Hollywood’a başladığında 46 yaşında olduğunu ve o güne kadar oyunculuk manasında aşikâr bir deneyim kazandığını lisana getiren usta oyuncu, “Bütün teknik kusurlarımızı biliyordum. Hollywood biliyorsunuz sinemanın tepesi. Ben orada memnun olacak formda oynamam gerekiyordu. Los Angeles ile Şam’ı kıyaslamamam gerekiyordu. Hollywood’da oturduğunuz sandalyeler, karavanlar bütün her şey farklı. Bütün bunlar benim için göz kamaştırıcıydı ve her şey senin hizmetine veriliyor. Lakin Arap dünyasında tam karşıtı biz her şeye hizmet ediyoruz, yani biz kameramana hizmet ediyorduk. Çekim yerlerinde kamerayı bile biz taşıyorduk.” değerlendirmesini yaptı.

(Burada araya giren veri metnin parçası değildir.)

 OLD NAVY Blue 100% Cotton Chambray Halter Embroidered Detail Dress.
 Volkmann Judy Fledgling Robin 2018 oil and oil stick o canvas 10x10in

Massoud, oyunculuğun milletlerarası bir lisan olduğunu ve bir oyuncunun sanatını kendi içinde taşıdığına dikkati çekerek, oyunculuk serüvenine dair şu bilgileri verdi:
“Tiyatroyu öncelikle Şam’da üniversitede okudum. Daha sonra 5 yıl farklı farklı ülkelere gittim. 1980’li yılların sonlarında Suriye’nin Avrupa ülkeleriyle bağları çok hoştu. Almanya’da, Fransa’da oyunculuk üzerine eğitim aldım. Yüksek enstitüde tıpkı vakitte profesörlük yaptım. Bütün bunlar tiyatrodaki oyunculuğumla birlikte devam etti. Bu vakitlerde televizyonda değildim, vaktim yoktu. Tiyatroyu çok seviyordum ve Suriye’de tiyatroda hoş işler yaptım. Farklı kültürlerin sanatını öğrendim. Arap dünyasının ve Batı’nın sanat anlayışına dair bilgiler edinerek, kendi sanatımı harmanladım. Farklı alanlarda da yer aldım. Birçok farklı rol oynadım, direktörlük yaptım. Yaklaşık 16 yıl tiyatro üzerine eğitim verdim. Galiba çalışmayı çok seviyordum.”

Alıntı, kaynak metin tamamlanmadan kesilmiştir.